Но не так относились к Гаазу многие из его сотоварищей. Его «выходки» нарушали спокойную бесцветность их занятий, его «самовольные распоряжения» оскорбляли целомудрие канцелярских предначертаний. И по мере того, как князь Голицын, дав первые толчки и общее направление новому делу, отдалялся от него, погруженный в сложную работу «хозяина Москвы», против Гааза образовывалась оппозиция, то тесно сплоченная, то неуловимая, но все-таки чувствуемая.

«Утрированному филантропу», который говорил о виденных им и сердечно разделенных нуждах людей, коих он прежде всего считал, несчастными, который писал в 1845 году, что члены тюремного общества «обязаны осуществлять намерение жить по-божески, т. е. чтобы правосудие сочеталось с милосердием и бог был бы виден во всех наших действиях», отвечали на «буквальный смысл» статей закона и параграфы уставов. Его своеобразно-красноречивые предложения «приобщались к делу», как не заслуживающие внимания, его просьбы и требования встречались оскорбительным молчанием. Особенно недовольно было им хозяйственное отделение комитета, стоявшее в отношениях своих к конторе тюремных больниц, где распоряжался Гааз, на чисто формальной почве. Оно не желало, например, сообщать конторе копий с контрактов на поставку съестных припасов, для проверки поставщиков, что было, как писал Гааз комитету в 1840 году, — «причиною неимоверного беспорядка, от которого сии больницы страждут». Между тем одно из заседаний хозяйственного отделения было открыто словами председателя: «Так как господин Гааз многими поступками отступил от правил при управлении тюремных больниц»… «Я взял смелость остановить его превосходительство, — пишет Гааз, — и спросить, какие поступки должен я здесь разуметь, но он, вместо ответа, опять повторил те же слова, а на мой вторичный вопрос в третий раз изволил произнести те же самые наречия. Я тогда принужден был встать с места и сказать: «Если вы полагаете себя вправе таким образом насчет меня выразиться без всякого объяснения, то я не могу оставаться в сем собрании», — на что его превосходительство адресовался к секретарю комитета со словами: «Не правда ли, ведь, были некоторые случаи, в которых господин Гааз действовал неправильно по управлению больницами?» — на что сей отвечал: «По другим предметам были некоторые такие действия господина Гааза, то и вероятно, что такие же были и по управлению больницами»… И сей ответ был принят без всякого примечания!»
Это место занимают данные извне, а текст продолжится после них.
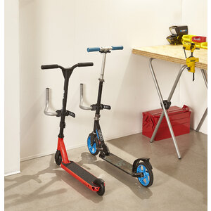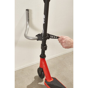 Supporto da muro per monopattino. Porta monopattino da muro per riporre 1 monopattino a terra. Consente qualsiasi orientamento da 10 a 170°. Permette di fissare tutti i tipi di monopattino da diam.25 a 70mm maxi. Tubo in acciaio verniciato a polvere diam.25 mm + manicotto in schiuma e cinghia elastica in PVC. Dimensioni: 280x160x180mm Peso: 0,49kg

Когда неусыпными трудами Гааза был устроен северный коридор тюремного замка, оказалось, что он сделал на 40 рублей сверхсметных расходов против ассигнованных ему 400 рублей, вместо просимых им 500 рублей. Об этой передержке была возбуждена обширная переписка, на 143 листах, продолжавшаяся два года. От Гааза было потребовано объяснение, и комитет посвятил не одно заседание обсуждению его неправильного и незаконного поступка. Указывая, что комитет гораздо милостивее относился к сверхсметным расходам, допущенным другими членами, признавая, что деньги были израсходованы «на предмет, достойный комитета», Гааз пишет в объяснении: «Мне поручено затруднительное дело, мне отказывают в нужных средствах и в то же время неумолимы в обсуждении моих действий и упущений. Меня спрашивают, могу ли оправдать свой поступок? Ответствую: я признаю, что располагать таким образом суммами, кои не выданы — есть род похищения. С сею же самою откровенностью признаюсь, что я одушевлен был мыслью о северном коридоре, и мне казалось, что действия мои заслуживают признательности комитета. Оказывается, что я ошибся и в том, что делал, и в том, что мыслил»… Кончилось тем, что он заплатил эти 40 рублей из своих скудных средств. То же самое повторилось и в 1840 году, когда Гааз произвел несколько необходимых и не терпящих отлагательств работ по расширению помещений Старо-Екатерининской больницы для приема погибавших от тифозной эпидемии арестантов и просил комитет уплатить рабочим 290 рублей ассигнациями. При обсуждении переписки, продолжавшейся два года, комитет, в 1842 году, после разных упреков по адресу Гааза, постановил: «Отныне на будущее время всякое распоряжение в постройках и починках по больничным зданиям господина Гааза воспретить», причем оскорбленный старик, видя, что его объяснений не слушают и смеются над его словами, «встал, поднял руку к небу, — как он сам пишет, — и голосом, которым кричат караул, кричал: «Объявляю, пред небом и землею, что мною в сем деле ничего противозаконного не сделано!»